Tredici tesi sull’imminente catastrofe ecologica

XIII Tesi sull’imminente catastrofe ecologica, provocata dalla logica perversa del sistema capitalista, e sui mezzi per evitarlo: l’ecosocialismo. Abbiamo la possibilità di vincere questa battaglia prima che sia troppo tardi?

 

di Michael Löwy, Capitalism, Nature, Socialism – Volume 31, 2020 – Issue 3 – 26/08/2020

 

I. La crisi ecologica è già, e diventerà ancora di più nei mesi e negli anni a venire, la più importante questione sociale e politica del 21 ° secolo. Il futuro del pianeta e quindi dell’umanità sarà deciso nei prossimi decenni. I calcoli di alcuni scienziati sugli scenari per l’anno 2100 non sono molto utili, per due motivi: a) scientifico: considerando tutti gli effetti retroattivi impossibili da calcolare, è molto rischioso fare proiezioni di un secolo. ; b) politico: alla fine del secolo tutti noi, i nostri figli e nipoti se ne andranno, quindi che interesse? II. La crisi ecologica ha diversi aspetti, con conseguenze pericolose, ma la questione climatica è senza dubbio la minaccia più drammatica. Come spiega l’IPCC, se la temperatura media supera 1,5 ° in più rispetto al periodo preindustriale, è probabile che inizi un processo irreversibile di cambiamento climatico. Quali sarebbero le conseguenze? Solo alcuni esempi: la proliferazione di mega-incendi come quella australiana; la scomparsa dei fiumi e la desertificazione della terra; lo scioglimento e la dislocazione del ghiaccio polare e l’innalzamento del livello del mare, che può arrivare fino a decine di metri: l’oro, a due metri dalle vaste regioni del Bangladesh, dell’India e della Thailandia, nonché le principali città della civiltà umana – Hong Kong, Calcutta, Venezia, Amsterdam, Shanghai, Londra, New York, Rio – saranno scomparse sotto il mare: quanto potrà alzarsi? A quale temperatura sarà minacciata la vita umana su questo pianeta? Nessuno ha risposte a queste domande …

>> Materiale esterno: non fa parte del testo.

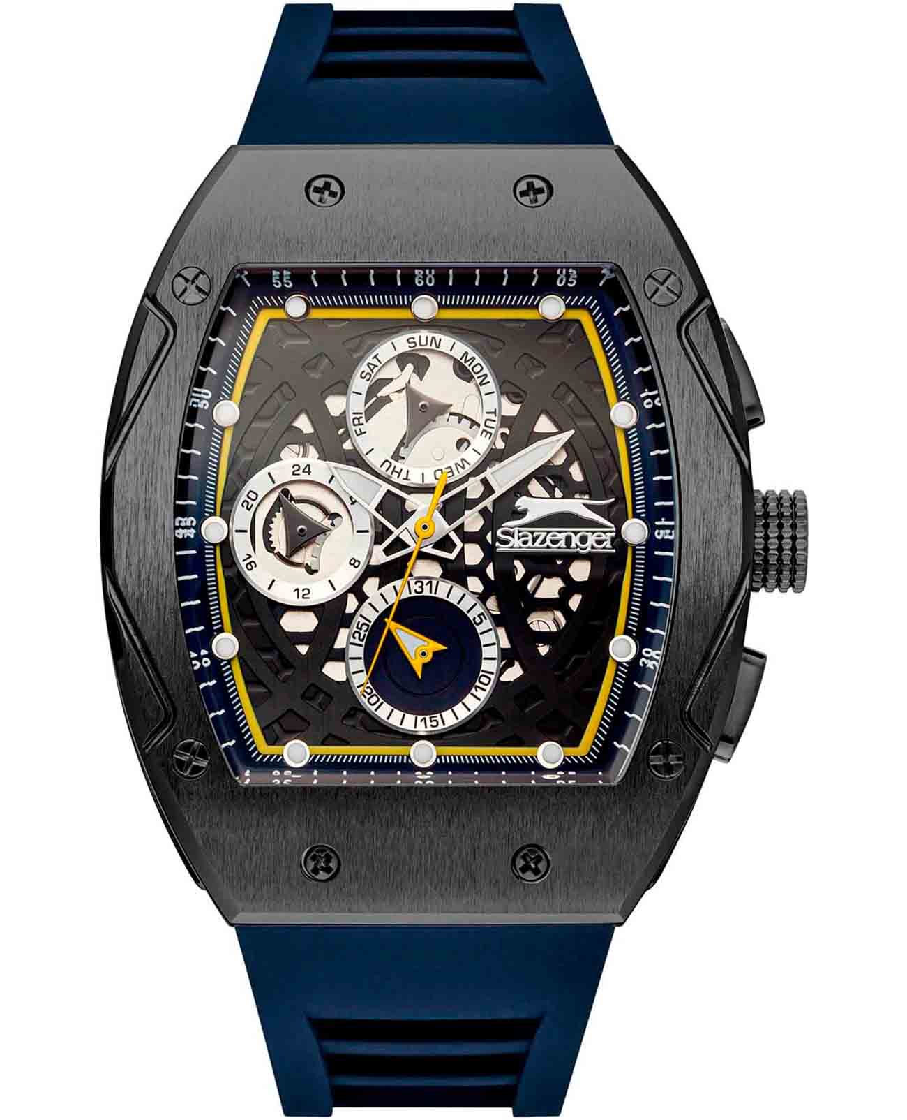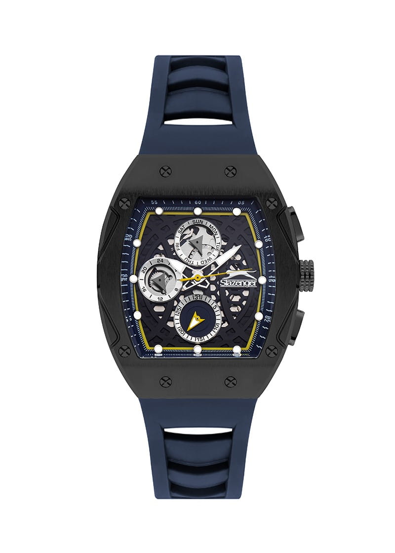Часы Slazenger SL.09.2257.2.03 — это современная модель, сочетающая стильный внешний вид и функциональность. Крупный корпус размером 44х53 мм выполнен из металла с прочным черным IP-покрытиемIP-покрытиеМетод ионного напыления. Демонстрирует повышенную устойчивость к истиранию, окислению и химическим веществам. Под воздействием высокого давления и температуры около 1500°C молекулы металла надёжно соединяются с частицами корпуса часов., что придает часам выразительный характер и надежную защиту от внешних воздействий. Сатинированный безельБезельВнешний ободок, закрепляющий стекло. В спортивных часах так называется поворотное кольцо с делениями на циферблате, выполняет роль таймера – замеряет отрезки времени на шкале. Неподвижный безель – элемент декора. Однонаправленно вращающийся безель на дайверских часах позволяет фиксировать моменты погружения и выныривания на поверхность. гармонично сочетается с черным циферблатом, украшенным логотипом бренда и аккуратными часовыми метками в виде точек. Минеральное стеклоМинеральное стеклоМинеральное стекло представляет собой искусственно выращенный минерал кварца. Такое стекло отличается особой устойчивостью к повреждениям и царапинам. Уступает по некоторым качествам сапфировому стеклу. обеспечивает защиту от случайных царапин, а стрелки и метки с люминесцентным покрытиемЛюминесцентное покрытиеПозволяет считывать показания времени в темноте. Производители наносят на стрелки, часовые индексы, безель или поверхность циферблата светонакопительный состав, дающий холодное свечение. удобно подсвечиваются в темноте после зарядки на свету. На циферблате расположены отдельные индикаторы даты, дня недели, а также 12- и 24-часового формата времени. За точность хода отвечает кварцевый механизм, не требующий ежедневного завода. Модель снабжена синим силиконовым ремешком шириной 26 мм с классической застежкой, который комфортно фиксируется на запястье и подходит для активного образа жизни. Водозащита 50WR позволяет не снимать часы при мытье рук или во время прогулок под дождем.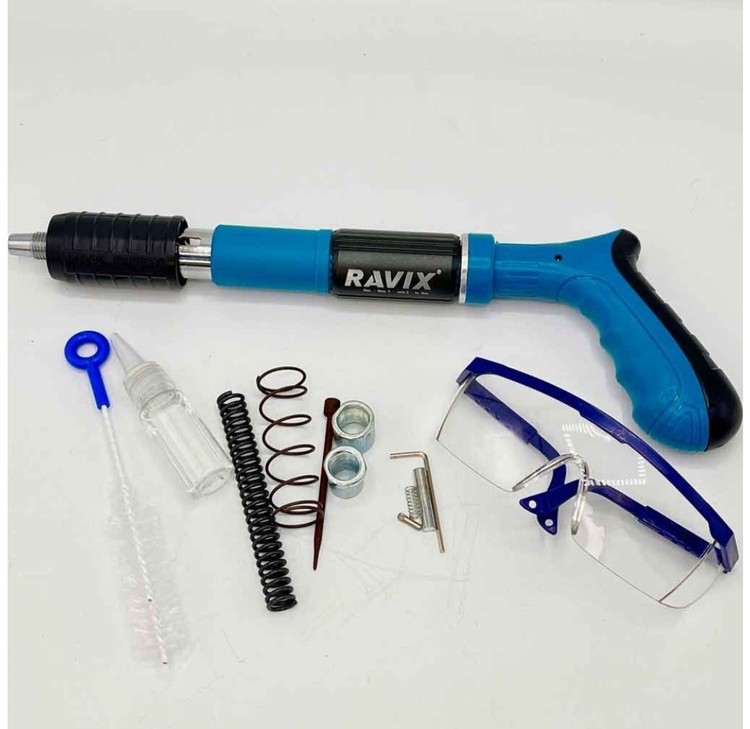 میخکوب RAVIX اصلی اورجینال امکان استفاده در بتن، پلاستیک، ورق های نازک فلزی، چوب و ... را دارد .میخکوب RAVIX قابلیت استفاده میخ تا 5 سانتیمتر را دارد. میخکوب RAVIX کارکرد ساده و قوی دارد.میخکوب RAVIX اصلی بدون نیاز به چاشنی انفجاری جداگانه می باشد. میخکوب بسیار سبک، کم حجم وقابل حمل می باشد . میخکوب RAVIX محصولی جدید و با تکنولوژی به روز جهت جایگزینی برای میخکوب های والتی، کامرکس و ... می باشد. میخکوب RAVIX بدون نیاز به چاشنی انفجاری می باشد.میخکوب RAVIX دارای کیف حمل، عینک، فرچه، فنر یدک می باشد تفنک میخکوب ابزاری است مشابه تفنگ بادی است. تفنگ میخکوب بتن برای اتصال پلیت ها و صفحات مختلف به بتن می باشد. البته مصارف دیگری از جمله اتصال انواع توری های مشبک و غیره به صفحه های بتنی و مصالح ساختمانی را نیز دارد. این تفنگ ها به وسیله چاشنی میخ موجود در خان تفنگ را با شدت به سمت هدف شلیک کرده و واشری که بر روی میخ قرار دارد صفحه را بر روی بتن نگه می دارد. با قرار دادن چاشنی مخصوص در داخل دستگاه و قرار دادن میخ در محل تعیینشده، میتوانید از این ابزار استفاده کنید. چاشنیهایی که برای این محصول در نظر گرفتهاند در دو نوع و برای کوبیدن میخ در فلز یا بتن هستند. نوع میخی که برای این دستگاه مورد استفاده قرار میگیرد، از گونههای واشردار است. از این دستگاه در شغلهای مختلف که با چوب و فلز سروکار دارند، استفاده میکنند.

II. Questi sono rischi di catastrofi senza precedenti nella storia umana. Dovremmo tornare nel Pliocene, qualche milione di anni fa, per trovare una condizione climatica simile a quella che potrebbe svilupparsi in futuro, grazie ai cambiamenti climatici. La maggior parte dei geologi ritiene che siamo entrati in una nuova era geologica, l’Antropocene, in cui le condizioni del pianeta sono state modificate dall’azione umana. Quale azione? Il cambiamento climatico iniziò con la Rivoluzione industriale del 18 ° secolo, ma fu dopo il 1945, con la globalizzazione neoliberale, che fece un salto di qualità. In altre parole, è la moderna civiltà industriale capitalista che è responsabile dell’accumulo di CO2 nell’atmosfera e quindi del riscaldamento globale.

III. La responsabilità del sistema capitalista nell’imminente catastrofe è ampiamente riconosciuta. Papa Francesco, nell’enciclica Laudato Si, senza pronunciare la parola “capitalismo”, ha denunciato un sistema di relazioni commerciali e proprietà strutturalmente perverse, basato esclusivamente sul “principio della massimizzazione del profitto”, in quanto responsabile di entrambi ingiustizia sociale e distruzione della nostra casa comune, la natura. Uno slogan cantato universalmente nelle dimostrazioni ecologiche in tutto il mondo è: “Cambiamo il sistema, non il clima!” “. L’atteggiamento dei principali rappresentanti di questo sistema, i sostenitori degli affari come al solito – miliardari, banchieri, “esperti”, oligarchi, politici – possono essere riassunti dalla frase attribuita a Luigi XV: “Dopo di me, il diluvio”.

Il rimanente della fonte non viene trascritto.